Uniquely linked to one biometric and key.  2a: If two UVI values for 
one public key are identical, this MUST mean that exactly the same 
user verification data record was used for unlocking the key).  2b: If
 two values are different it MUST mean that the biometrics (or the 
key) are different.  As a consequence of 2a, a UVI value used for one 
key can never be re-used for a different biometric, e.g. if UVI for 
the left index finger is X, then this X might not be re-used for any 
other finger - regardless of how often the user deletes and enrolls 
fingers (without irreversibly destroying the related private key).

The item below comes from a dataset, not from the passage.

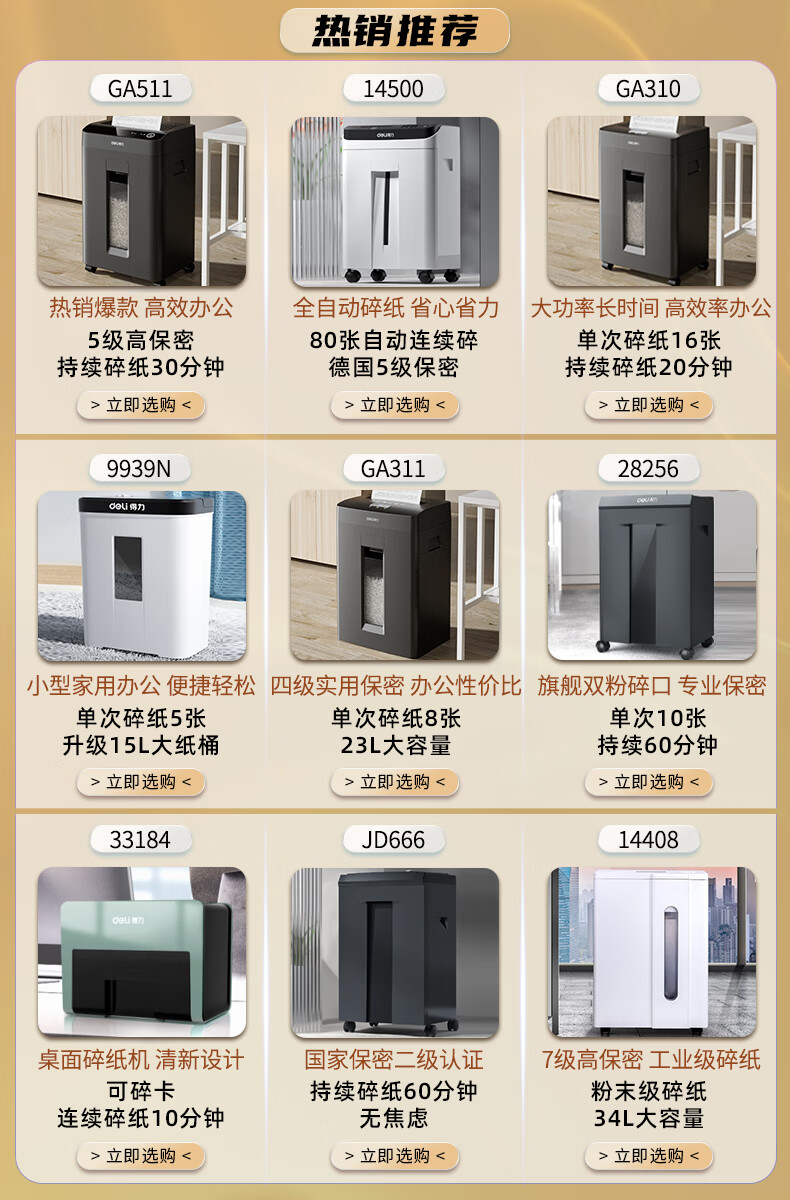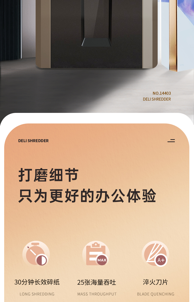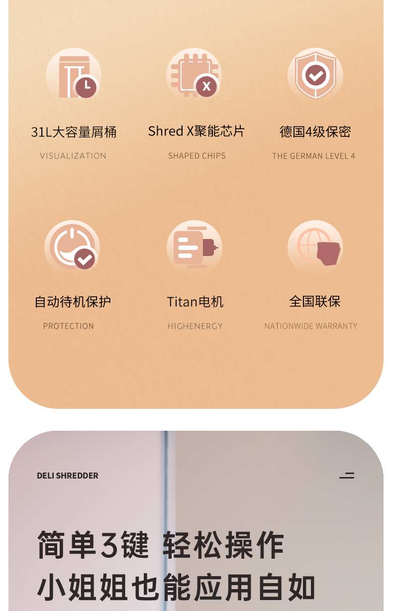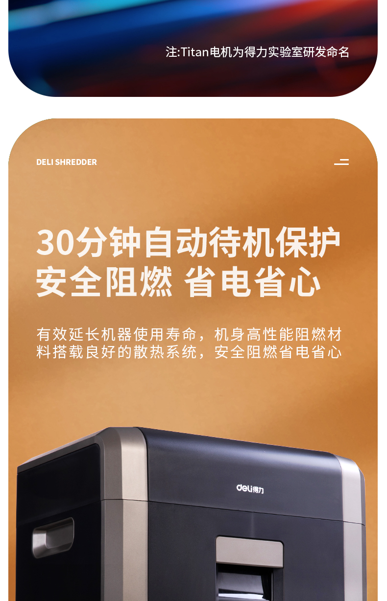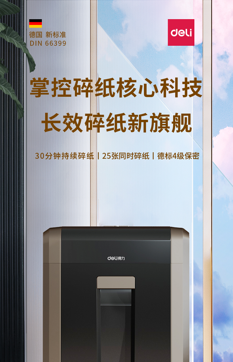 得力(deli)4级保密办公碎纸机 专业销毁碎纸机(单次25张 31L 持续30分钟 可碎卡碎光盘)14403

We recommend computing the UVI as follows:
UVI = SHA256(PublicKey | rawUVI), where publicKey is the related 
public key of the scoped credential generated by the authenticator and
 where rawUVI is derived from the biometric reference data such that 
different biometric reference data leads to different rawUVI values 
and identical biometric reference data for the related user lead to 
identical rawUVI values.  It is important that the authenticator 
doesn’t leak the rawUVI as it is a global correlation handle.

Notes (won't go into the specs):
Why not just returning an enrollment counter of the biometric (e.g. 1 
for the first enrolled finger, 2 for the second one etc.)?
It is not guaranteed that the user doesn’t enroll one finger twice, 
e.g. at position 1 and 2, violating requirement 2a (same biometric 
must lead to same UVI for same key).
The user could enroll some fingers, then delete the first one and 
re-enroll the finger originally enrolled for at position 1.  Violating
 requirement 2a (same biometric must lead to same UVI for same key).
The UVI in this case would be an enrollment counter leaking some bits 
of entropy for correlating users. Violating requirement 1.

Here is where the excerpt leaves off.